Sue: *Ahem*, it was under FPTP and one man one vote that we got the ConDemnation!

It seems that every voting system has detractions - and FPTP has served us well for some time now. It is only because some parties want to indulge in a little gerrymandering that it is being changed.

Sean O'Hare said...

Hi WfW. Has FPTP really served us well? How come we have ended up with the ConDemNation (as Sue termed them) and absolutely no difference between LibLabCon?

I sometimes wonder where we would be now if we had adopted PR after WWII. Just maybe there would still be more than a small handful of liberty minded individuals in parliament. Just maybe Heath wouldn't have made PM. Just maybe we wouldn't have joined the EU. Big ifs I grant you.

wv: comenest sounds like an invitation!

WitteringsfromWitney said...

SoH: Believe me, I am not a fan of FPTP, but on the basis of one man one vote then it is the best there is. On the other hand I accept if we want a representative parliament, then full PR is probably the fairest.

But at least let us decide!

Anonymous said...

I seem to remember that in British Columbia a constitutional assembly was formed by lot. This assembly looked at all the possible voting systems and recommended one. This was subjected to a referendum.

Joseph Takagi said...

LibLabCon is the result of FPTP because the two main parties in each seat know that the more hardcore voters on the left and right will generally vote for them, even if they'd prefer a smaller party (because they feel that voting for a small party is a "wasted" vote).

The result is that parties concentrate on winning the votes of the small number of floating voters in 100-odd seats, hence, their policies are almost the same, apart from a sops to try to convince hardcore left/right voters that they really are socialists/conservatives... honest.

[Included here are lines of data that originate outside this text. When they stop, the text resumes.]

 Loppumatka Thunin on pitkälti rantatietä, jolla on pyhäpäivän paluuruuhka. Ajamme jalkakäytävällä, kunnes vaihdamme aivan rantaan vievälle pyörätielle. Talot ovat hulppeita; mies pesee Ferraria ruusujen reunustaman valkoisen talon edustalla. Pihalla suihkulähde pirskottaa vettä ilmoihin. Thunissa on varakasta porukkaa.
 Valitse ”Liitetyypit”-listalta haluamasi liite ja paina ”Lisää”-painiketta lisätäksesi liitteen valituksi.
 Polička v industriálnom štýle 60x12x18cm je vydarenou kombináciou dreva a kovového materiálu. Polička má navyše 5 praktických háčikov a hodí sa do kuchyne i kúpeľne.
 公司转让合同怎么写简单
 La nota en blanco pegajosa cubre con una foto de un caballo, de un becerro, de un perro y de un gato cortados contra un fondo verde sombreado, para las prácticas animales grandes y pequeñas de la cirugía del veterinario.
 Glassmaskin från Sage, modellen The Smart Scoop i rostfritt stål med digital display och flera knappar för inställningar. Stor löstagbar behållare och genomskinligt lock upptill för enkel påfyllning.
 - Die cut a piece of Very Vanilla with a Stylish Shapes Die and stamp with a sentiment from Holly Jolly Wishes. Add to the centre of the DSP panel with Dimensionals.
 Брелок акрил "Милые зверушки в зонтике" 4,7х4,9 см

What AV at least gives is that people can go with their first preference first. It could be that more than half the Conservative voters in say, Devizes, actually prefer UKIP, but because they don't know how everyone else will vote, they'll tactically vote Conservative because they fear that if they vote UKIP and everyone else doesn't, that all they'll do is to increase the possibility of Labour getting in.

And while you might prefer another system, you won't get a vote on that if you don't vote for AV. You'll have to wait for another hung parliament and it would have to be even more hung for a main party to agree to STV or PR.

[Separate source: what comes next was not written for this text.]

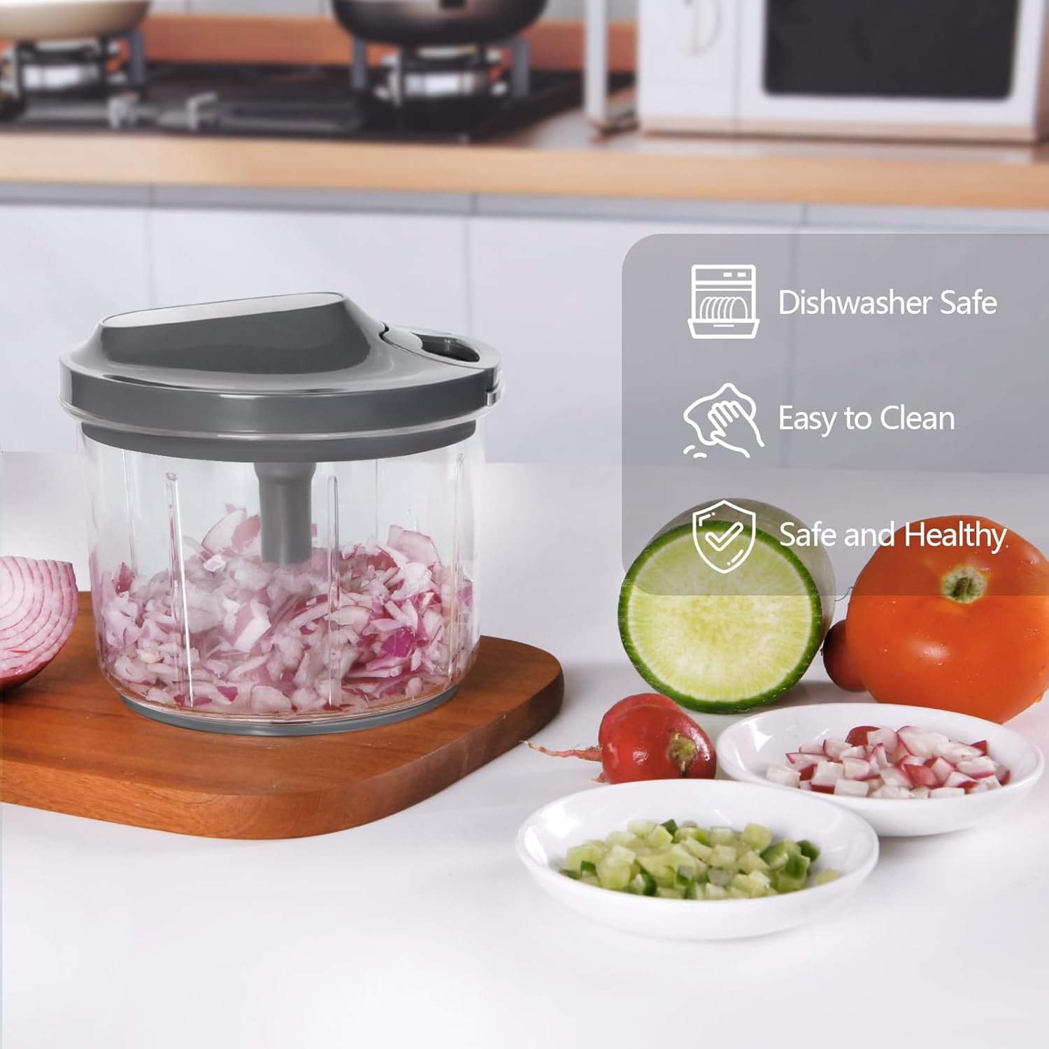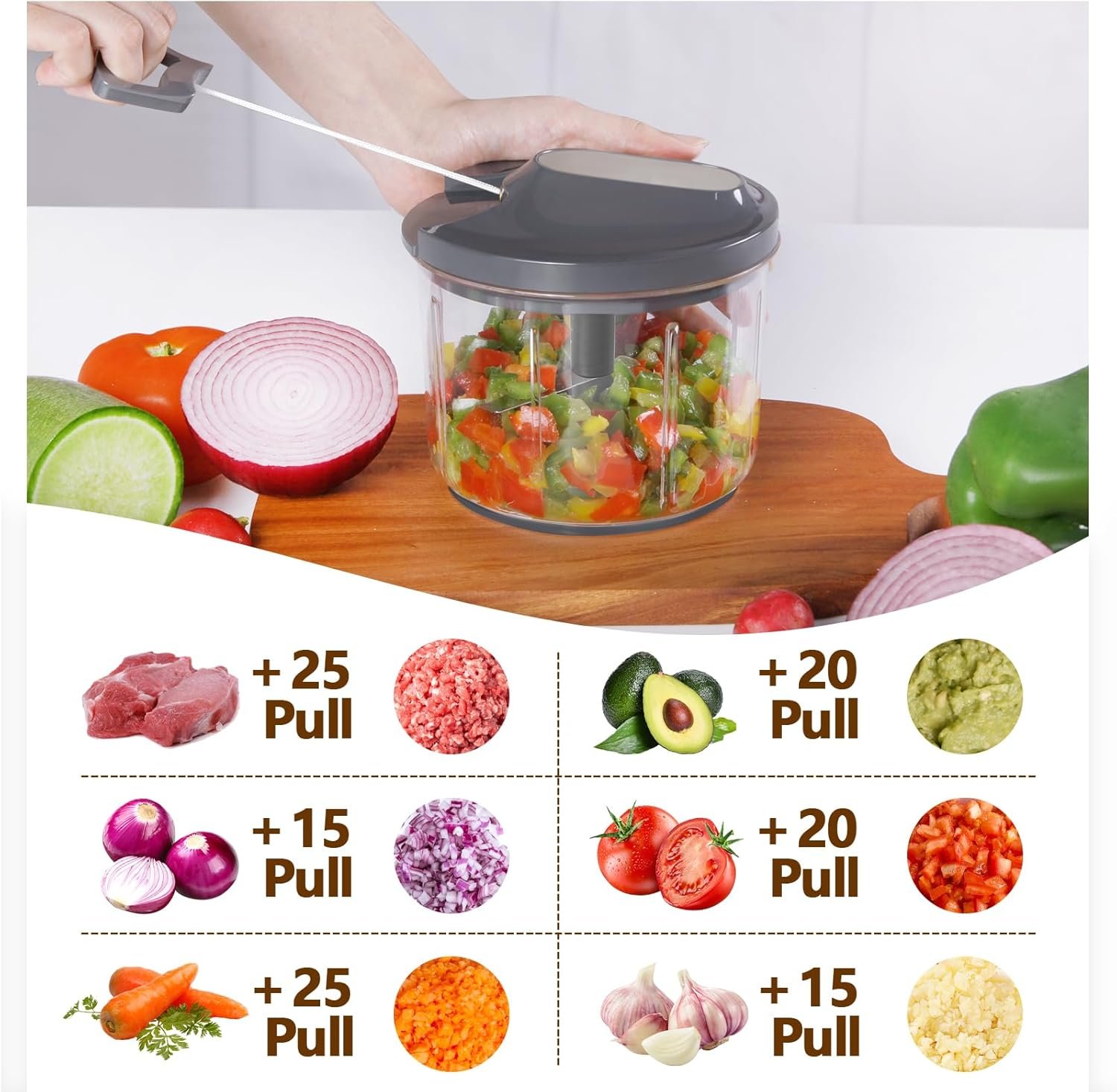 Efficient Design of Three Blades:The three blades of the pull string chopper are distributed at different heights and directions for more efficient and even cutting, chopping in seconds. With just a few simple steps, you can easily cut vegetables. BPA Free

Vote AV, and you'll create a system that will deliver more coalitions, and at least the potential for another referendum.

WitteringsfromWitney said...

JT: I seem to recall that we 'crossed swords' on MW's blog and we could not agree then, but hey ho,here we probably go again........

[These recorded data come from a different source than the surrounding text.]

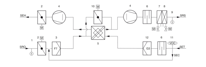 Anschließend durch den Wärmerückgewinner, der in energetisch sinnvollen Betriebssituationen und zum Geräteschutz umgangen werden kann.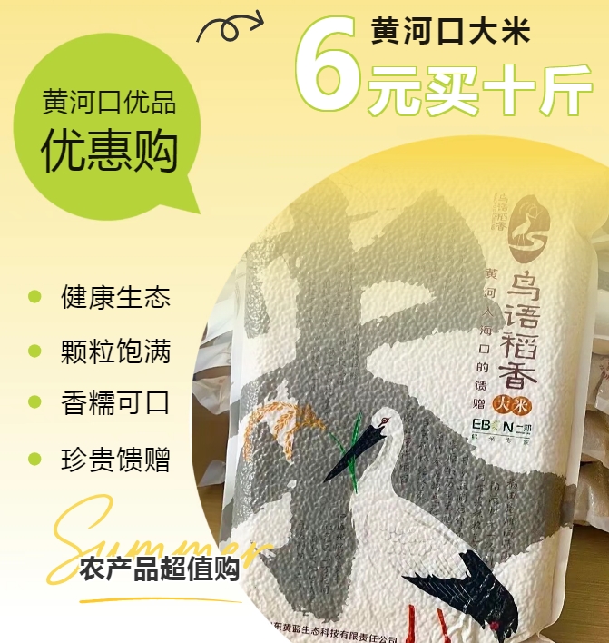 福利大放送!黄河口大米十斤6元购!快来清风湖西门的“黄河口优品”清风驿门店购买吧~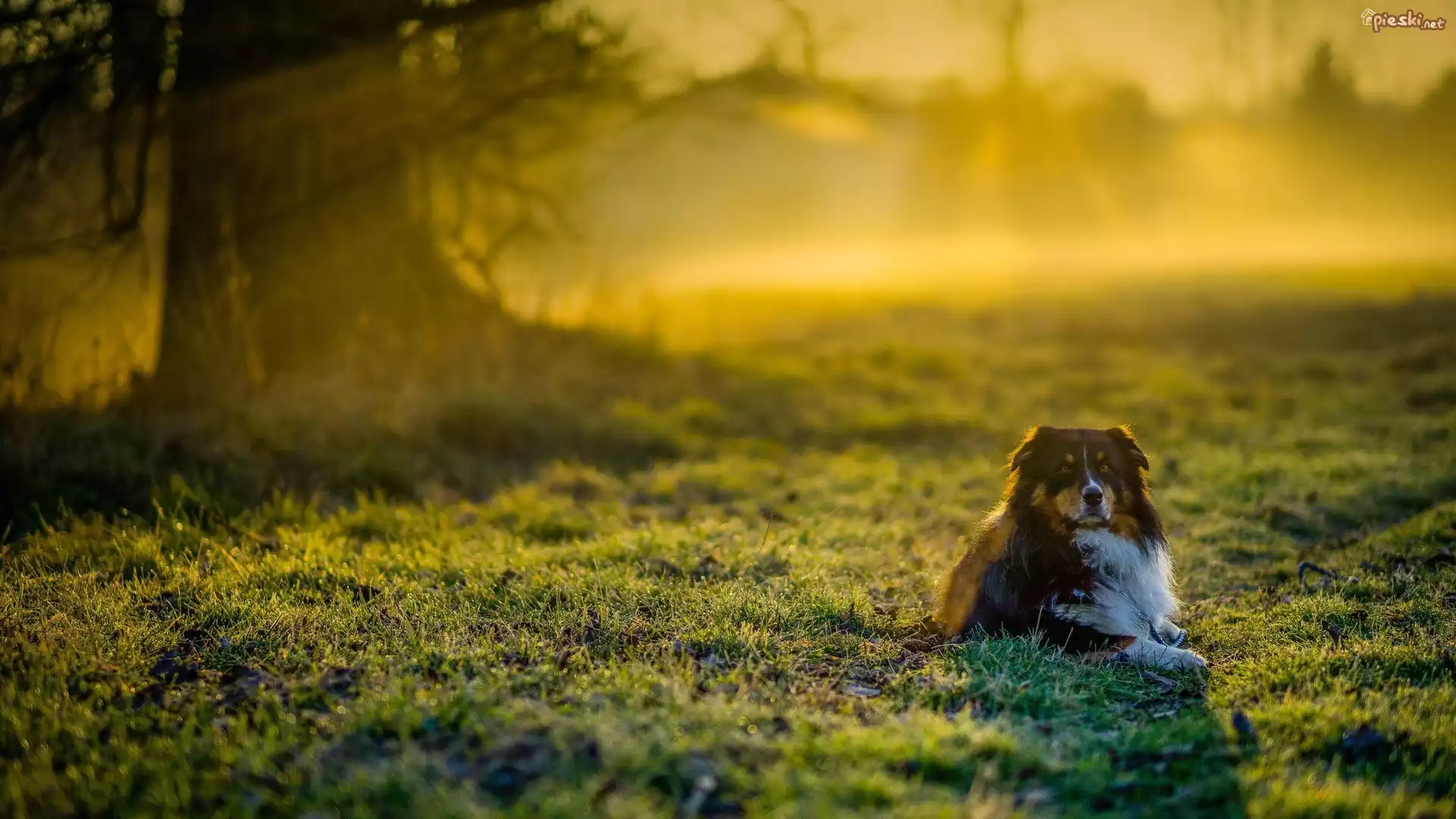 Pies Pies, Owczarek australijski, Trawa, Drzewa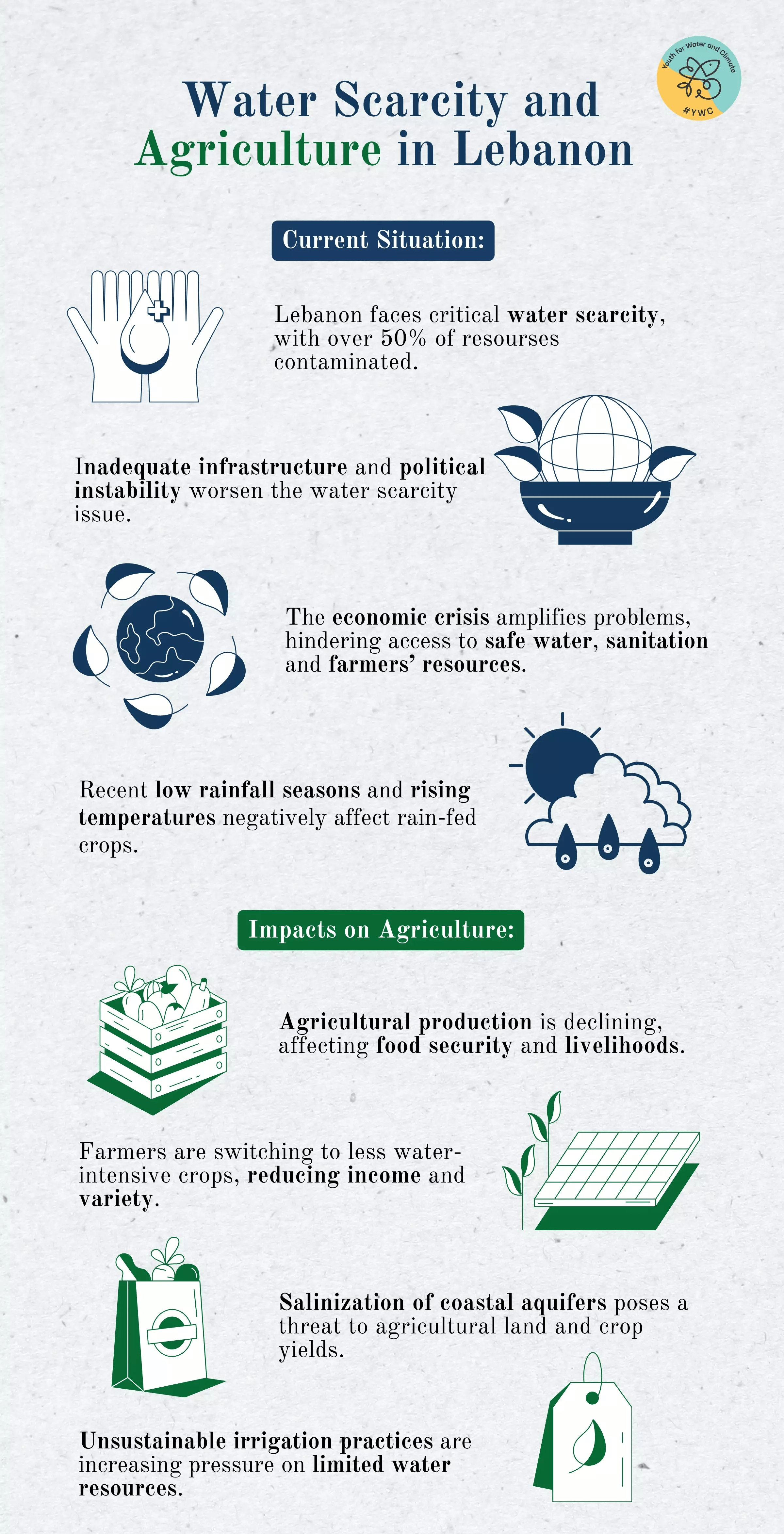 Agriculture is the backbone of rural Lebanon, providing essential food and employment. However, the water crisis is severely affecting crop yields and livestock productivity. Farmers are facing:

Accept your first two paras but after that.......

Re your 3rd para, if what you say is true under AV, the difference between that and FJPTP is?

Re your 4th para: utter tosh! What are your grounds for suggesting that voting no to AV means we will not be given another chance? And who the hell are the political elite to give us another chance - I go back to my original assertion that it is up to us to choose how we wish to elect MPs.

Re your 5th para, people will still vote tactically and will soon work out where to put their 1,2,3,4s (that is if they bother beyond 1).

I just hope that it were possible to every referendum ballot paper on AV to be ignored by voters - that would, really would, send a message to the Cleggerons and Mili-ons!

TomTom said...

Read the Booklet. AV does not get introduced unless the Boundary Changes become law

WitteringsfromWitney said...

TT: Booklet? Not had one item on AV from anyone.